ABSTRACT

Part II, Some Notes for a Genealogy of Sexuation, focuses on applying our feminist discursive mediation of Lacanian theory to how the subject “woman” is constructed in Europe. We thus aim to illustrate how the imposition of the Master Signifier masculine implies a process of androcentrification through which the masculine subject is placed as the standard and ideal until it becomes the hegemony and unique, desirable subjectivity. Furthermore, we believe that the process of androcentrification consists of three different phases. First, there is a stigmatization of the feminine that implies its subordination toward the masculine. Second, this stigmatization results in total exclusion of the feminine from Reality, positioning the masculine ideal as the only desirable subjectivity.
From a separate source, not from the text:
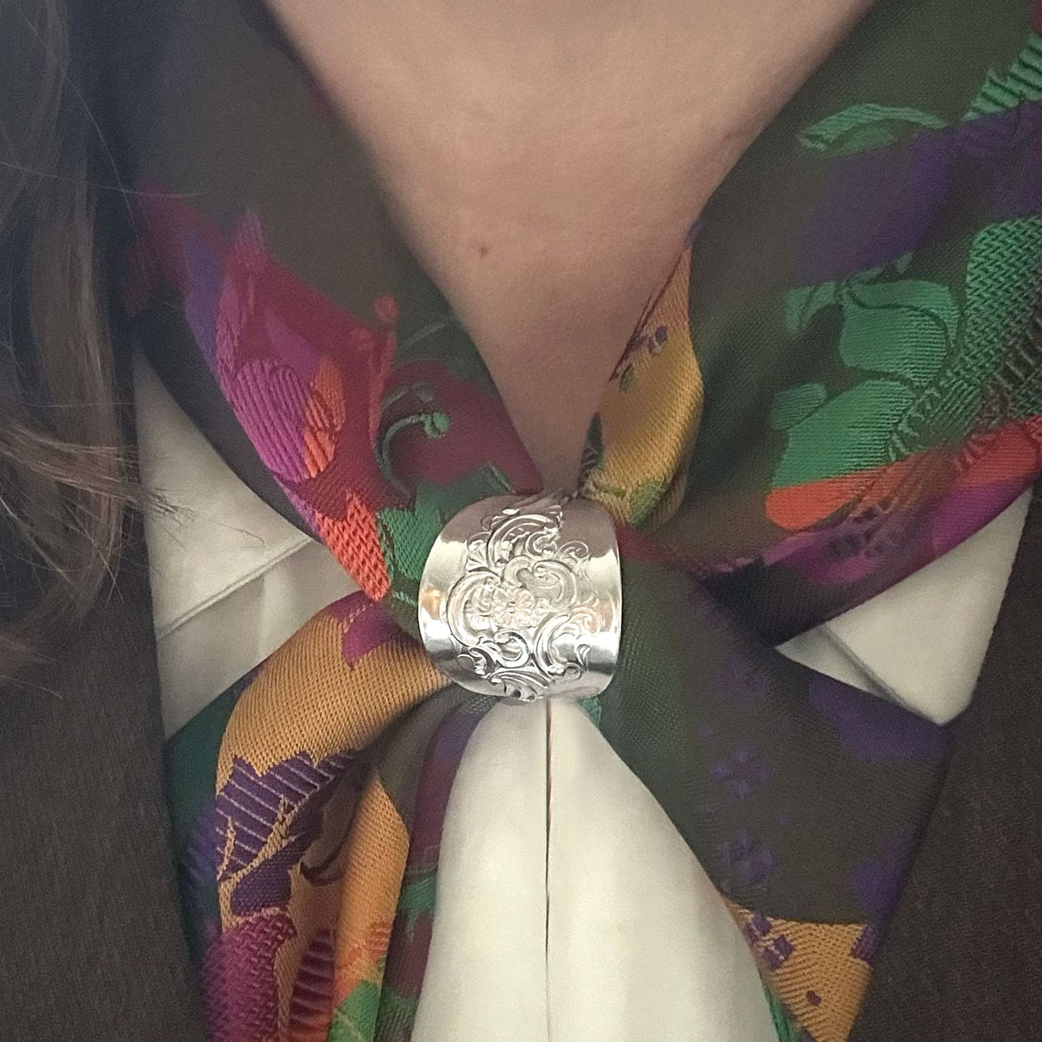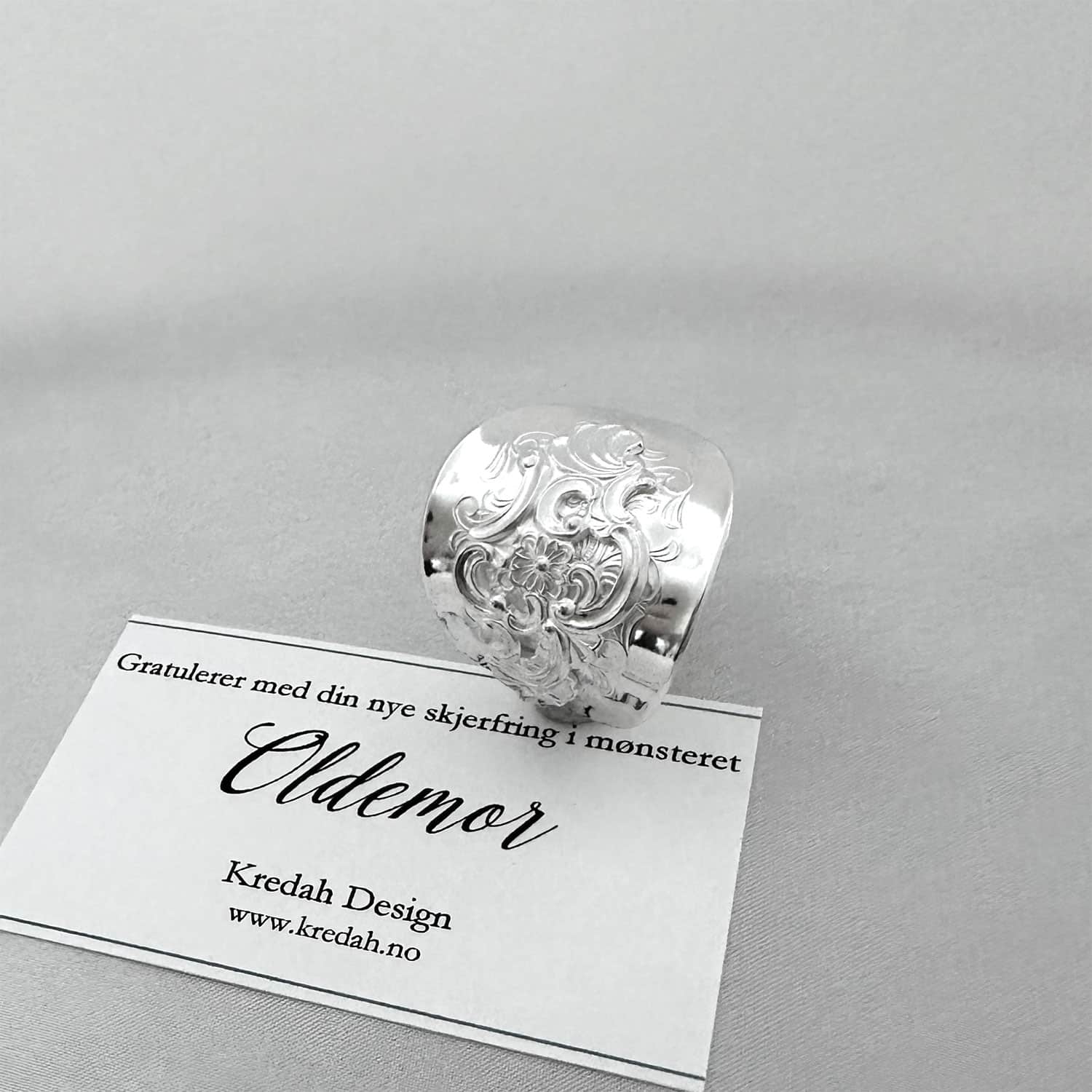 Skjerfring Oldemor er laget av sølvbestikk i dette tradisjonelle mønsteret, formet for bruk til bunad.

Finally, the third phase consists of the transformation of feminine subjects into masculine ones. Chapter 7 focuses on the first phase of the process of androcentrification. Thus, this chapter develops a feminist analysis on how that which is conceived as the feminine has been stigmatized and subordinated. What this chapter aims to show, in political and Lacanian terms, is how the ontological level of Reality is masculinized. The analysis starts with a critique of the Aristotelian division between matter and form, as a division that operates excluding women from Reality, and consists of a bibliographic review of different works characterized by a critique to androcentric epistemology and ontology.